The 2014 Garrod Lecture: EUCAST – are we heading towards international agreement?

Abstract

Antimicrobial susceptibility testing with phenotypic methods is based on the measurement of the MIC (mg/L) and breakpoints to categorize bacteria and fungi as susceptible, intermediate or resistant. Phenotypic antimicrobial susceptibility testing requires an agreement on breakpoints and a rigorous standardization of methods and materials. Requirements for defining breakpoints include a definition of doses and dose intervals, information on MIC distributions for the target organisms, definitions of the highest MIC for organisms devoid of phenotypically expressed resistance (the epidemiological cut-off) and information on resistance mechanisms, pharmacokinetics, pharmacodynamics and clinical outcome in trials.
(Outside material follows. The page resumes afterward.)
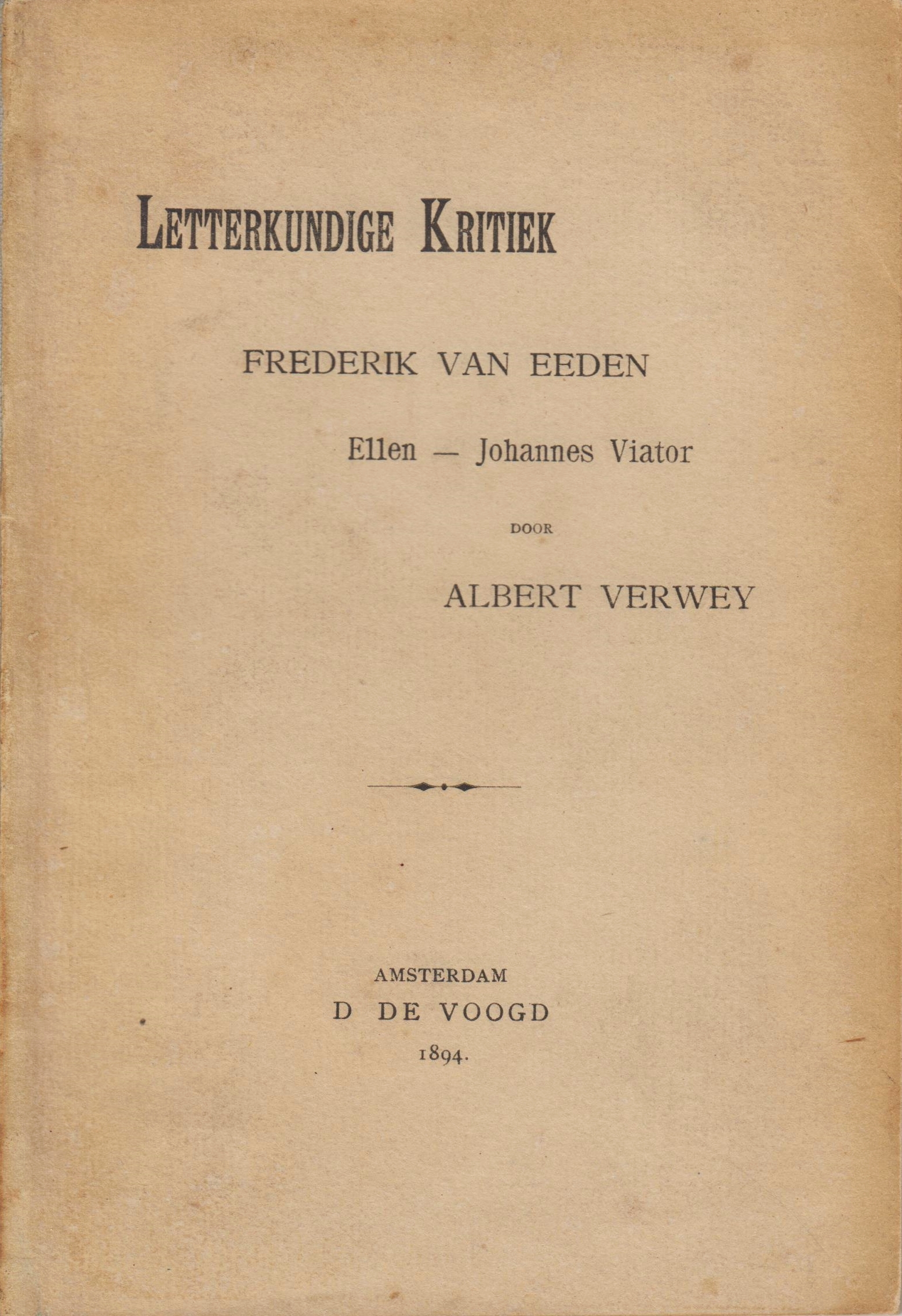 8. VERWEY, Albert Letterkundige kritiek. Frederik van Eeden. Ellen. Johannes Viator. Amsterdam, De Voogd, 1894. Ingenaaid. 68 p. 1e druk. Omslag en titelpagina wat gekreukt en iets gevlekt.
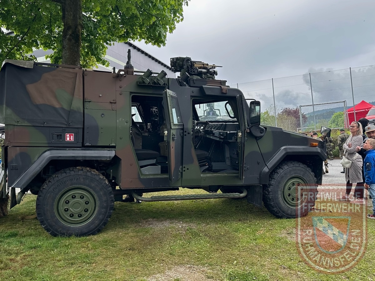 Beeindruckend präsentierte sich auch die Bundeswehr vor der Mittelschule mit Panzern, Ausrüstung und vielen Informationen. Im Hof der Grundschule präsentierte die Polizei in vielen Facetten ihre Aufgaben. Das Wrack des Unfallautos vom Raserunfall in Kalteck erinnerte daran, wie beim Rasen Menschenleben in Sekunden ausgelöscht werden können und bleibende Schäden verursachen. Die Kinderpolizei und der Simulations-Hubschrauber fanden genauso viel Aufmerksamkeit wie die Polizeihunde und das Lasergewehrschießen mit Knall und Gehörschutz in den Räumen der Grundschule.

In 2001, the breakpoint committees of France, Germany, Norway, Sweden, the Netherlands and the UK were tasked with developing European breakpoints under the umbrella of EUCAST, organized by ESCMID and later also by ECDC. Breakpoints for previously established antibacterial and antifungal agents in Europe have now been harmonized. With the EMA, EUCAST has since 2006 determined breakpoints for new agents. All breakpoints are freely available on the EUCAST web site; these are used in semi-automated antimicrobial susceptibility testing devices and have been employed since 2010 in a EUCAST disc diffusion method. They have been or are now being implemented in most countries inside Europe and many countries outside it. Everything needed to perform and interpret antimicrobial susceptibility testing is freely available from the EUCAST web site, as are aggregated MIC distributions based on more than 26 000 distributions.